Tech Terms That Should Be Banned In 2021
For those who have been operating in the music/tech sphere for the past year or so, there are few words and phrases that have hit a saturation point, and everyone is sick of hearing. Here, we look at a list terms that need a little time off from the lexicon.
Guest post by Bobby Owsinski of Music 3.0
We’ve heard some of these tech words and phrases so much that they now hold no meaning, so it’s time to stop using them. Yep, tech words, phrases, and jargon have now seeped in the music business (especially music tech), but we can save ourselves in the new year with a little awareness. Below is a non-comprehensive list inspired by Shelly Palmer.
We hacked it – If you mean you “figured it out,” then just say that in plain English.
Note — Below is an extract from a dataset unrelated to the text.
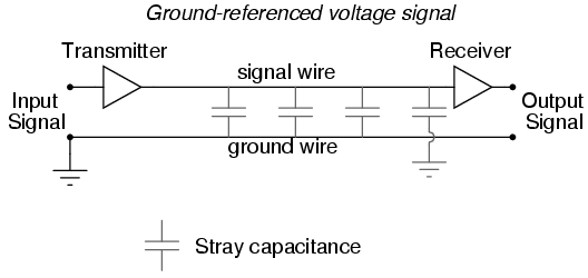 A robust alternative to the common ground signal method is the differential voltage method, where each bit is represented by the difference of voltage between a ground-isolated pair of wires, instead of a voltage between one wire and a common ground. This tends to limit the capacitive and inductive effects imposed upon each signal and the tendency for the signals to be corrupted due to outside electrical interference, thereby significantly improving the practical distance of a serial network:

Paradigm shift – Once again the plain “something new” will suffice, unless you’re talking about something so momentous that it has never been thought of before.
Game changer – Most of the time you mean “interesting,” “meaningful,” “significant,” “impactful.” That’s good enough.
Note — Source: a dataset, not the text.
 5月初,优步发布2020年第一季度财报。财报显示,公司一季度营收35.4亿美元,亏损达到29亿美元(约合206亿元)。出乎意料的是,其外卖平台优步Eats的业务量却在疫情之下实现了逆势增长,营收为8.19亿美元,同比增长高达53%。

Disrupt the industry – That’s a pretty dramatic way of just saying “change.”
Monetize – I know, I use this one myself. A simpler way is to just say, “how we make money.”
Blockchain – Most people who throw this word around don’t even know what it means. If I hear how “Blockchain is going to change the music industry forever,” or “It will let you charge whatever you want for your music,” I think I’ll scream. It’s just a clever database technology. It’s ability to change the music business has been overrated.
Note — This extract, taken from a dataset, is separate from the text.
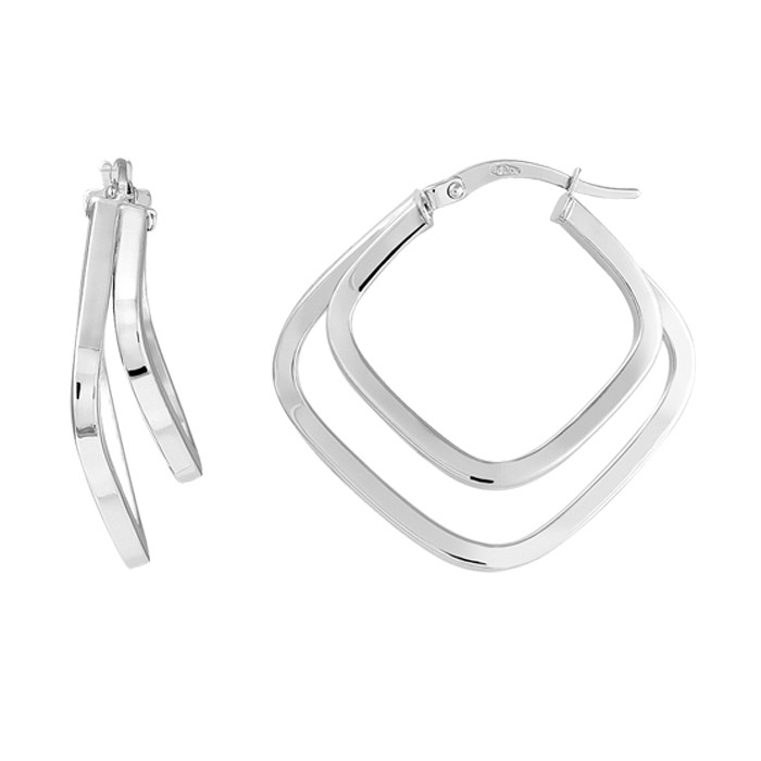 Μοντέρνο και ευκολοφόρετο ζευγάρι σκουλαρίκια με διπλό τετραγωνισμένο κρίκο και κίνηση από λευκόχρυσοΚ 14. Για γυναίκες που θέλουν να ξεχωρίζουν κάθε στιγμή της ημέρας.

AI (artificial intelligence) – Again, I’m as guilty as anyone for using this. Most of the time this is referring to machine learning, which is a subset of AI. Better to use “this will automatically happen” instead of inferring magic powers on the process.
The above tech words and phrases can be useful, but just like superstar artists, only 1% of the time. Shelly mentioned a few more, like “5G,” “hockey stick,” and “ideate” that thankfully haven’t made it into every day music tech yet. Let’s hope that 2021 brings us clearer language with fewer buzzwords (Yes, I intend to practice what I preach).